Assigned task:
In the entries that follow, the first line to write out is the one containing "Чиста наслада със", and the last is the one containing "Long sleeve polo". Reproduce that stretch exactly, with nothing before or after it.

Material for this task:
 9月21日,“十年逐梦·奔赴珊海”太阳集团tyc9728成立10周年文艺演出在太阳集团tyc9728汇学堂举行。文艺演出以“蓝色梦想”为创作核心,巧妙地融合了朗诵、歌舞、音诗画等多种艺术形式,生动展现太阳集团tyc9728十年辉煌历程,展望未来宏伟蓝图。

==

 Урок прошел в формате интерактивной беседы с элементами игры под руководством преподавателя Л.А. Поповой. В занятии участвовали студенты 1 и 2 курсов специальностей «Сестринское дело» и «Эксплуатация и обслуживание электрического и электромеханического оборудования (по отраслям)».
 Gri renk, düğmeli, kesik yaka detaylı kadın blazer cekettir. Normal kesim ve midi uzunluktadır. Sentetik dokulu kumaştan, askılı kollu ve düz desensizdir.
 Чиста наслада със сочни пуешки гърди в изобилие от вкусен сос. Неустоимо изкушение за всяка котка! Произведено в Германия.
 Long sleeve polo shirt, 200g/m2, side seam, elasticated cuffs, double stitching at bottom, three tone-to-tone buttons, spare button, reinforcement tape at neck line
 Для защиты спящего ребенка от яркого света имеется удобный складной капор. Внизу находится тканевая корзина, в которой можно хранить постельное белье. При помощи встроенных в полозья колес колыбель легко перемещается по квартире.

...

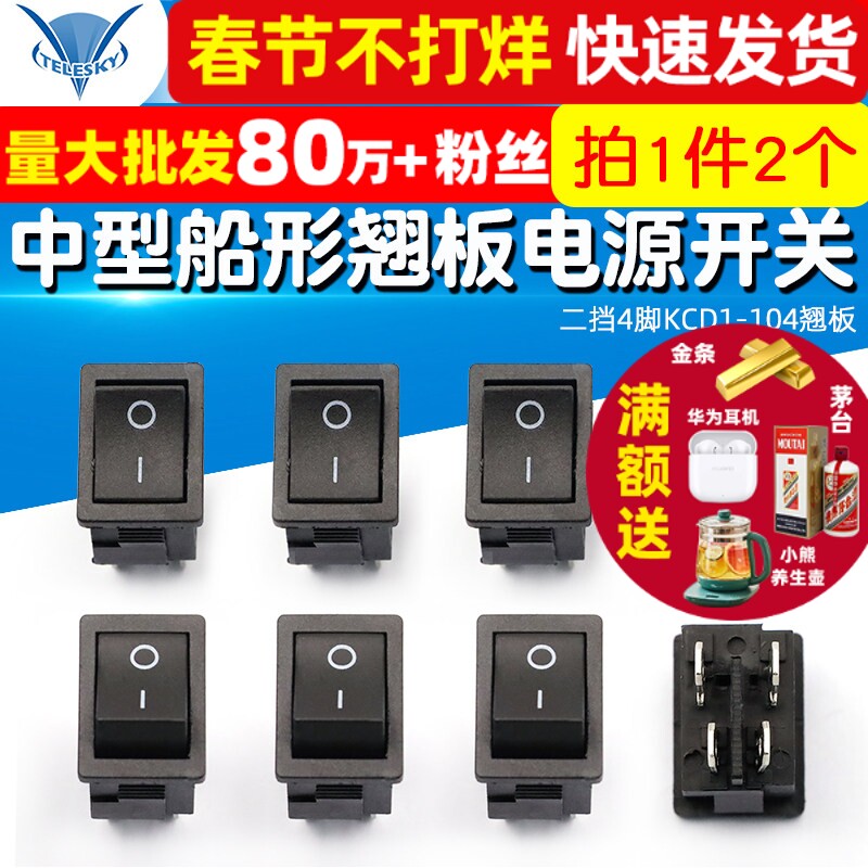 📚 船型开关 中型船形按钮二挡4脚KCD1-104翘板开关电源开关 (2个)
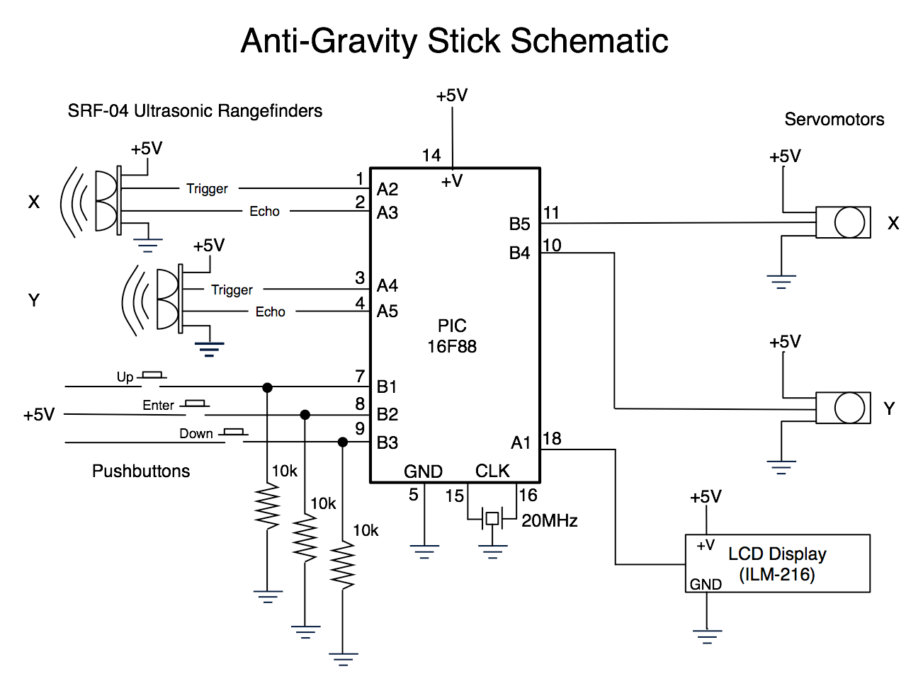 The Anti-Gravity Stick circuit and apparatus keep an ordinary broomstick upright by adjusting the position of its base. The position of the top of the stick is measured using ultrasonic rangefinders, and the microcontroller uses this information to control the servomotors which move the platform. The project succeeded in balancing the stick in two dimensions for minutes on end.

Solution:
 Чиста наслада със сочни пуешки гърди в изобилие от вкусен сос. Неустоимо изкушение за всяка котка! Произведено в Германия.
 Long sleeve polo shirt, 200g/m2, side seam, elasticated cuffs, double stitching at bottom, three tone-to-tone buttons, spare button, reinforcement tape at neck line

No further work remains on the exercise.